Data extract:
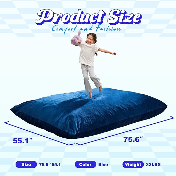 - Memory Foam Bean Bag Chair: The 3-in-1 giant bean bag chair stands out with its high-density memory foam filling, it can bounce back quickly, not only provide comfort but also support. The thickness of the bean bag is up to knees when you lay it down flat.
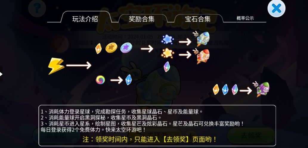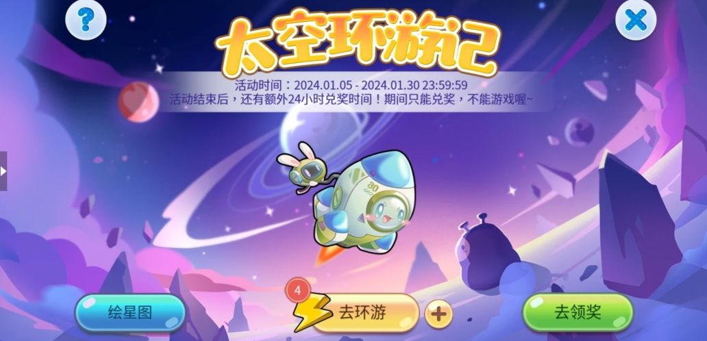 1、本活动分为四部分:去环游、绘星图、去领奖。
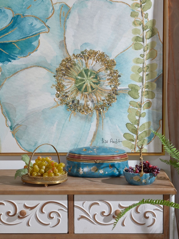 Изящный декоративный поднос с ручкой объединяет нежный цветочный рисунок, воздушную бирюзовую основу и теплый блеск бронзовых деталей. Этот вариант идеально подойдет для консоли, туалетного столика или гостиной и поможет создать атмосферу утончённого уюта.
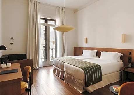 Hotel Regina Barcelona is set in a historic 19th-century building, just 164 feet from Barcelona’s Plaza Catalunya and the Ramblas. The hotel offers free high-speed WiFi and modern rooms. The century-old hotel was founded in 1917 and features beautiful architecture, including its impressive art nouveau entrance. The Hotel Regina Barcelona’s spacious rooms come with air conditioning, central heating and satellite TV. There is free tea and coffee, a safe, work desk and mini-bar. The private bathroom includes ecological cosmetics and a hairdryer. Some rooms have a balcony. A varied buffet breakfast with zero-mile and homemade products is served. There is also a bar and room service is offered all day from 07:00 to 00:00. The Regina has a 24-hour front desk and a tour desk. Gaudí’s Casa Batlló and La Pedrera, on Passeig de Gràcia Avenue, are within a 10-minute walk away. Catalunya Metro and Train Station and the airport bus stop are within 5 minutes' walk.

Your instructions: With the pictures omitted, restate word for word the lines above from the line that has "1、本活动分为四部分:去环游、绘星图、去领奖。" up to and including the line that has "Изящный декоративный поднос", and no other lines.

The answer:
 1、本活动分为四部分:去环游、绘星图、去领奖。
 Изящный декоративный поднос с ручкой объединяет нежный цветочный рисунок, воздушную бирюзовую основу и теплый блеск бронзовых деталей. Этот вариант идеально подойдет для консоли, туалетного столика или гостиной и поможет создать атмосферу утончённого уюта.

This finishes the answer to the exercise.